What Does
Hot Isostatic Processing (HIPping) Mean?
Hot isostatic processing (HIPping) involves the application of high gas pressure at an elevated temperature to components in order to completely remove internal porosity and voids.
This process is an excellent option for the improvement of a wide variety of materials, such as:
- Titanium
- Steel
- Aluminum
- Superalloys
Using this process, voids within a casting can be reduced or eliminated and encapsulated powders can be consolidated to create fully dense materials.
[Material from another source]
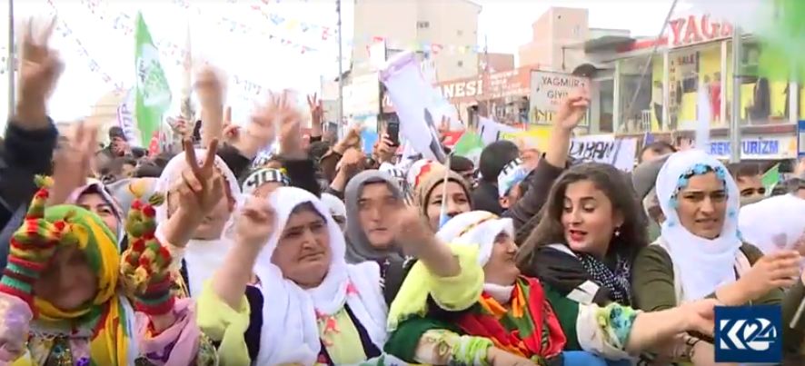 Li Wanê, ji bo hilbijartinên şaredariyan, partiyên siyasî mîtîngan lidardixin. Rojek berê Partiya Edalet û Geşepêdanê Ak-Partî mîtîn lidarxistibû û di 27'ê Adarê de jî HDP'ê bi girseyî mîtîngekî lidarxist. Di mîtîngê de, Parlamentera HDP'ê ya Elihê Feleknas Ûca bi wêneyê Leyla Guvenê derket ser dikê û anî ziman ku dê tecrîdê jî zext û pêkutiyên li ser Kurdan jî bişkênin. Ûca, rexne li Serokkomar û Serokê Giştî yê Ak-Partiyê Recep Tayîp Erdogan jî kir ku gotiye Kurdistan li vir tune ye û got: "Ev der Kurdistan e, em jî xwediyê wê ne."

Dissimilar materials can also be bonded together to manufacture unique, cost-effective components.
Hot isostatic processing is also known as hot isostatic pressing.
Corrosionpedia Explains Hot Isostatic Processing (HIPping)
Hot isostatic processing technology was developed during the 1950s, initially as a means of diffusion bonding nuclear reactor components and removing porosity in hard metals, such as tungsten carbide. However, commercial use is now mainly focused on the densification of high-performance castings and consolidation of metal powders, the aerospace industry being only one of a wide range of industries to utilize the process.
HIPping involves the simultaneous application of high pressure and temperatures on materials through the medium of a pressurizing gas to completely remove internal porosity and voids, improving the material's mechanical properties and workability. Pressure is applied to the material from all directions, hence the term "isostatic."
The HIP process falls into three categories:
- Densification
- Powder Metallurgy
- Composites, diffusing two like or unlike metals together
Primary applications include:
- Reduction of microshrinkage
- Consolidation of powder metals, ceramic composites, plastics
- Metal cladding
- Sintering
- Fabrication of metal matrix composites
Benefits of HIPping include:
- Stabilizing a material
- Removing residual stresses
- Densifying
- Eliminating voids and occlusions
The process homogenizes an alloy and in most cases, the properties of the material are enhanced, providing greater stability and wear characteristics. The HIP process can produce materials from metallic compositions that are difficult or impossible to forge or cast.